In an unpublished opinion, the U.S. Court of Appeals for the Ninth Circuit upheld a district court’s grant of summary judgment against the owner of Roscoe’s House of Chicken ‘n Waffles chain restaurants for copyright infringement. Range Road Music, Inc., et al. v. East Coast Foods, Inc., et al. Case Nos. 10-55691; -55800 (9th Cir., Jan. 12, 2012).

The plaintiffs, a group of copyright owners, sued the defendants for copyright infringement for violation of the plaintiffs’ public performance rights in various songs.The plaintiffs filed suit following a private investigator’s visit to Roscoe’s Long Beach, California location, where the investigator heard a live band in the adjacent Seabird Jazz Lounge perform various Coltrane standards, as well as a DJ who played another set of copyrighted songs from a compact disc.The plaintiffs alleged that the American Society of Composers, Authors, and Publishers (ASCAP) had tried to license public performance rights to the restaurant and lounge for years but the defendants had refused.The district court granted summary judgment to the plaintiffs, awarding $36,000 for eight counts of copyright infringement and attorneys’ fees of $162,000.East Coast Foods appealed.

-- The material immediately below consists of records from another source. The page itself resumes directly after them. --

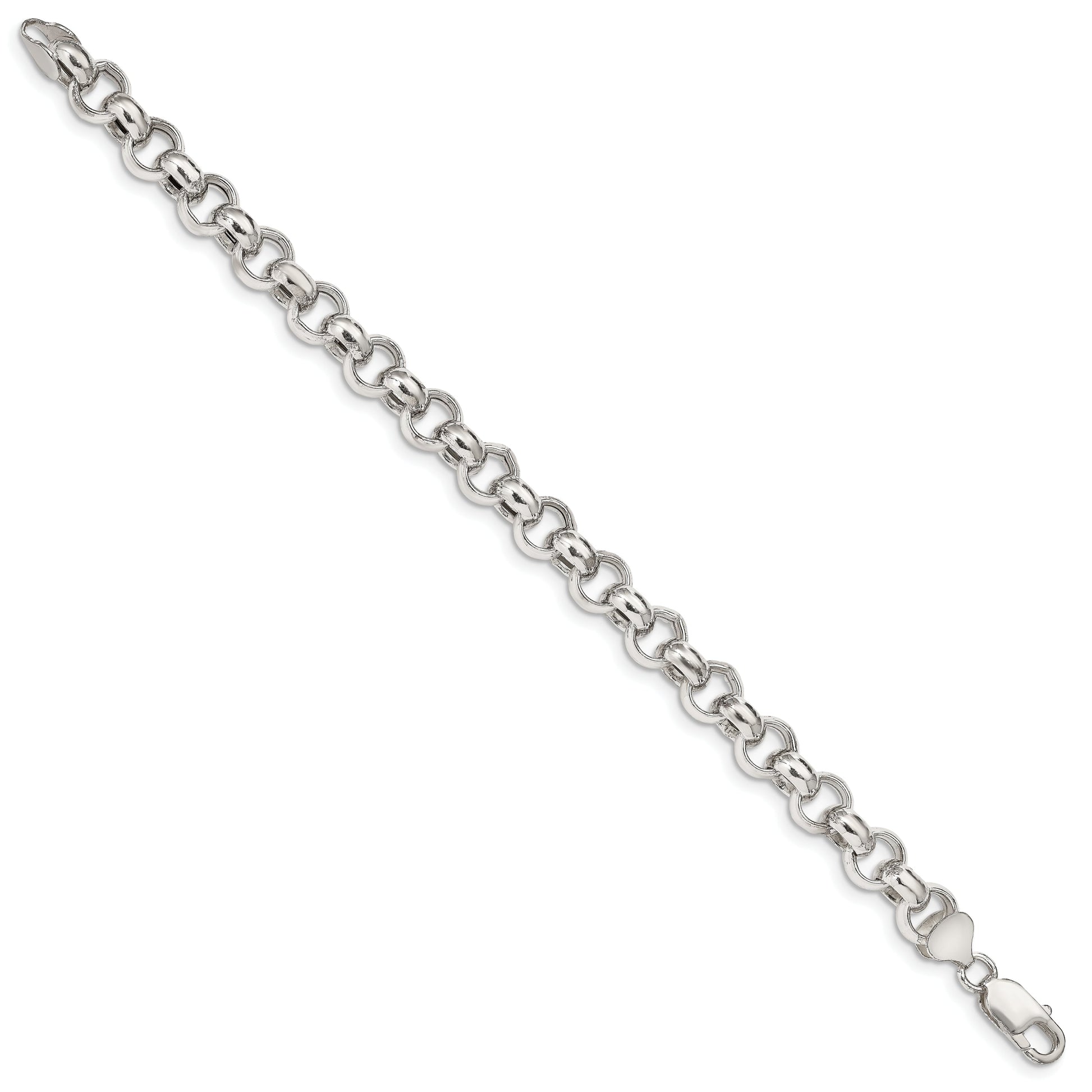 The 7.5 Inch Sterling Silver 9.5mm Semi-Solid Rolo Chain is a stunning piece crafted for elegance and style. Made from 925 sterling silver, its polished finish gives a refined touch. The 7.5-inch length and 9.5mm width offer a pleasing presence on the wrist, making it ideal for any occasion. Its semi-solid structure ensures durability without sacrificing comfort. The lobster clasp provides both security and ease of wear. This bracelet features an anti-tarnish coating, preserving its pristine look. The 7.5 Inch Sterling Silver 9.5mm Semi-Solid Rolo Chain is a must-have for any woman's jewelry collection.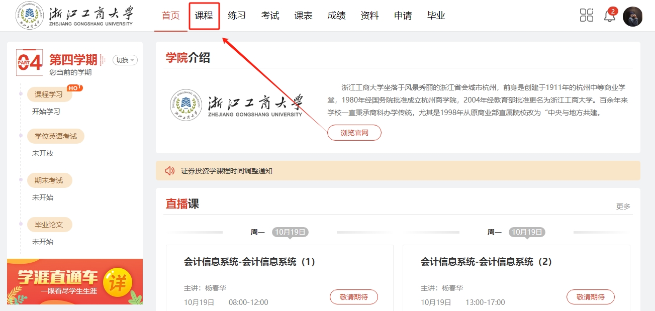 根据浙江江工商大学高等学历教育2023级(第四学期)直播课程的通知,为方便学员学习和解决工学矛盾,学校开发了基于互联网的继续教育网上学习平台,通过互联网在线学习相关课程内容。现将直播课程有关事项通知如下: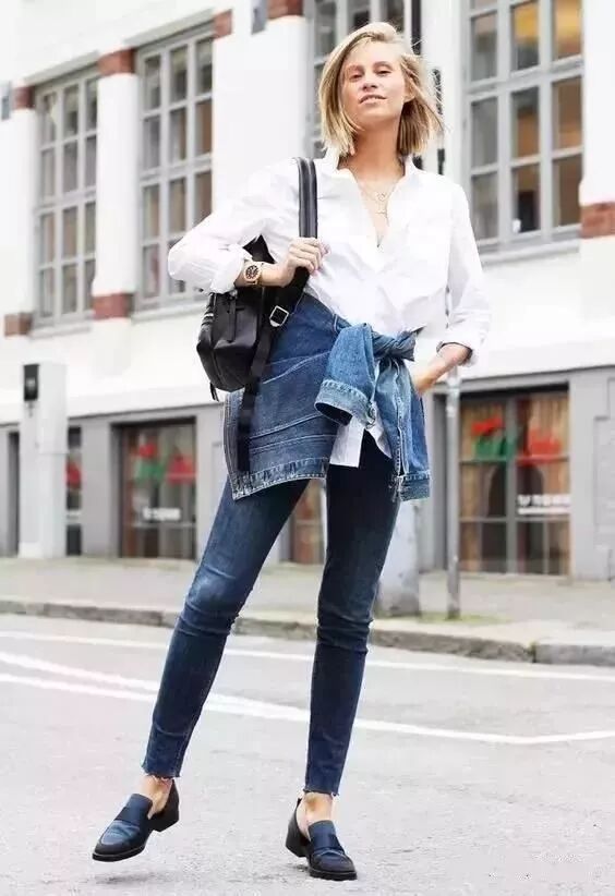 乐福鞋兼具休闲与时髦的双重风格,搭配牛仔裤露出纤细的脚踝,也让春日搭配灵动活泼起来。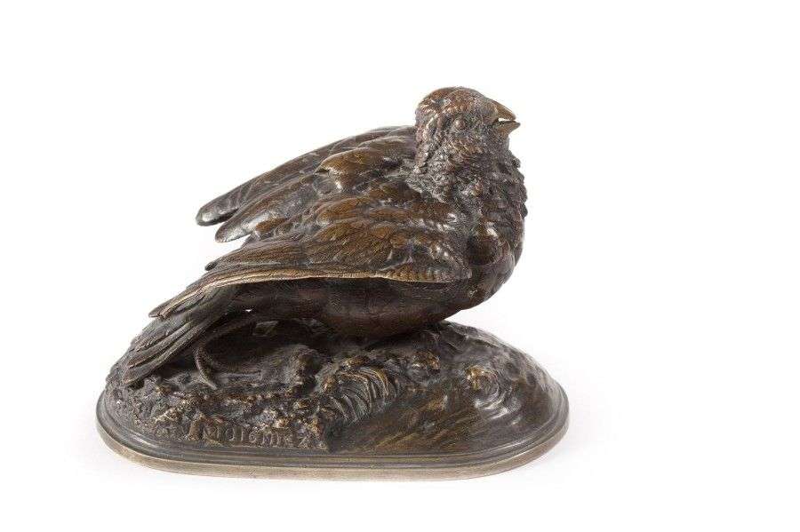 « Perdrix » Bronze à patine médaille, signé sur la terrasse.
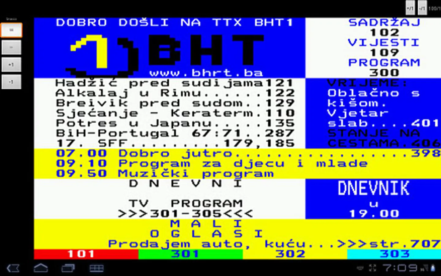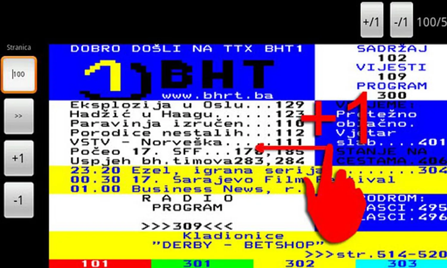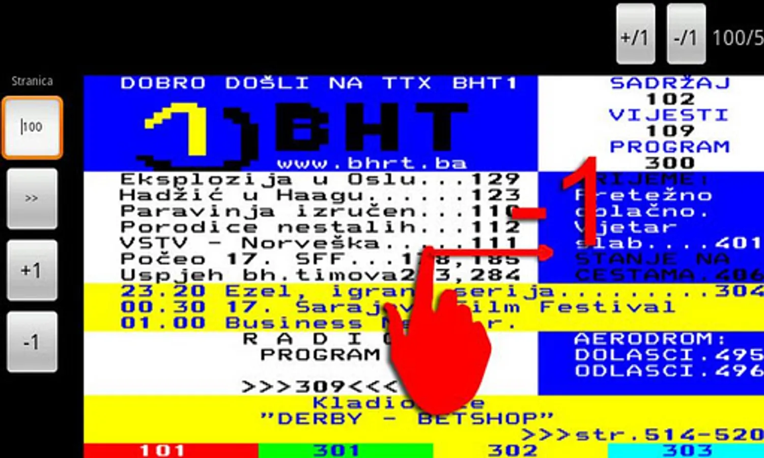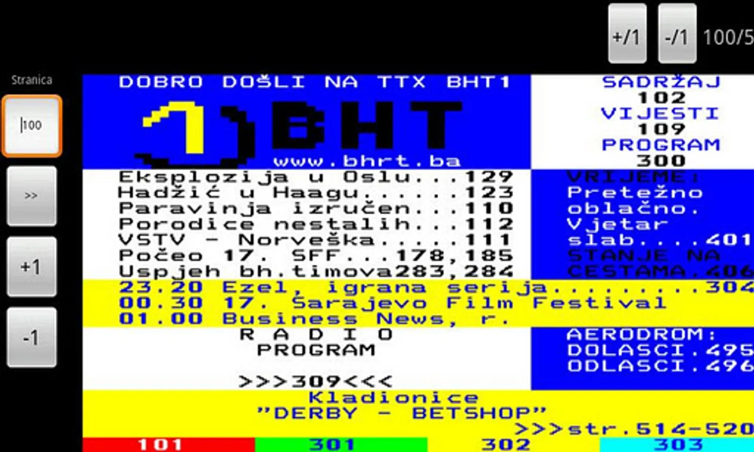 Sportske kladionice - Williams, BET-live, Lutrija BiH, Bet-shop, Derby, Millennium, Premier , sportski rezultati, pregled programa, vijesti, aktuelnosti, vrijeme, Loto, Bingo, stanje na putevima, i ostali sadržaji dostupni na jednostavan i poznat način. Teletekst na vašem mobitelu, dostupan uvijek i svugdje.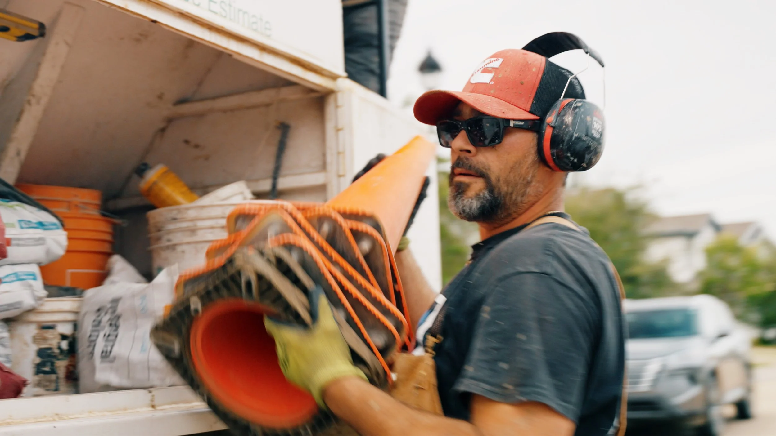 A man wearing sunglasses, a red cap, and ear protection is holding a large orange traffic cone in front of an open truck with supplies inside.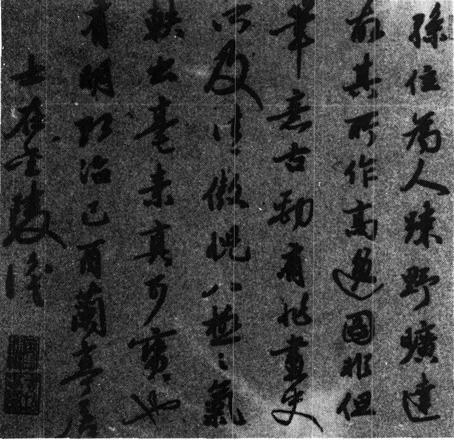 【简介】: 明·司马垔书于弘治二年(1489)。纸本。行书。竪45.3cm。上海博物馆藏。刊于《中国古代书画图目》(二)。 【赏析】: 比起司马通伯六年前在米元晖画后的那篇跋书来,这几行字给人的感受则绝然不同。那种如綉阁女子挑针引线般的精细柔和劲儿在这裏代之以犷勇与干练的阳刚之气。  在快速度的书写之中,笔势俯仰翻腾;单字外廓呈不规则多边形,骨格嶙峋;锋芒所出如鹰隼啄爪,锐利无比。细劲的线条在这种造型结构中愈见坚韧,富于穿杀力。有趣的是,作品中有些字的造型如“史、所、可、也”均能使人联想到具象的鹰及其动势—结构时间伴随著激越的旋律迅速推进。行间几个外形稍大的字的闪现,不仅适时地显示节奏感的强弱,而且那夸张的线形本身业已构成一种克服空气流阻力的巨大冲击力—在篇幅中这几个字起到了“诗眼”般的点化作用。书法的意象把诗一样的激情引向云霄那高阔豁远的境界。 |

On appeal, the defendants argued that in order to establish copyright infringement, the plaintiffs were required to prove “substantial similarity” between the plaintiffs’ copyrighted musical compositions and the works performed publicly in the lounge.The 9th Circuit disagreed, explaining that substantial similarity is not an element of copyright infringement, for which a plaintiff must demonstrate ownership of a valid copyright, as well as copying of constituent elements of the work that are original.Instead, substantial similarity is a doctrine that helps determine whether copying of original elements of a work has occurred.In this case, substantial similarity was irrelevant because the plaintiffs were able to produce evidence from the private investigator that the copyrighted works themselves were publicly performed.

The defendants also argued that evidence from the plaintiffs’ private investigator should have been excluded because he was never certified as an expert witness.Finding that the district court did not abuse its discretion by admitting the investigator’s testimony, the 9th Circuit noted that the defendants did not dispute any of the information contained in the investigator’s declaration.Further, the court found that identifying popular song titles does not require “scientific, technical, or other specialized knowledge,” and thus, no certification was necessary.

The defendants further argued that certain defendants could not be held liable for vicarious infringement because the Long Beach Roscoe’s restaurant and the adjoining jazz lounge were owned by a separate company, Shoreline Foods.After finding that defendant Herbert Hudson is the president of both East Coast Foods and Shoreline Foods, with managerial authority over the Long Beach restaurant and lounge, the court found that the defendants controlled and derived financial benefit from the infringing performances, and thus were vicariously liable for copyright infringement.

Finally, the defendants argued that the district court’s award of $162,000 in attorneys’ fees was an abuse of discretion.The 9th Circuit affirmed the fee award, however, noting that the district court provided a reasonable explanation for same. In particular, the district court found that the defendants could have avoided liability by properly licensing the compositions from ASCAP at any time since 2001.Furthermore, the court agreed that a significant portion of the fees incurred by plaintiff’s attorneys were related to defendant’s “obfuscation of the corporate structure of Roscoe’s.”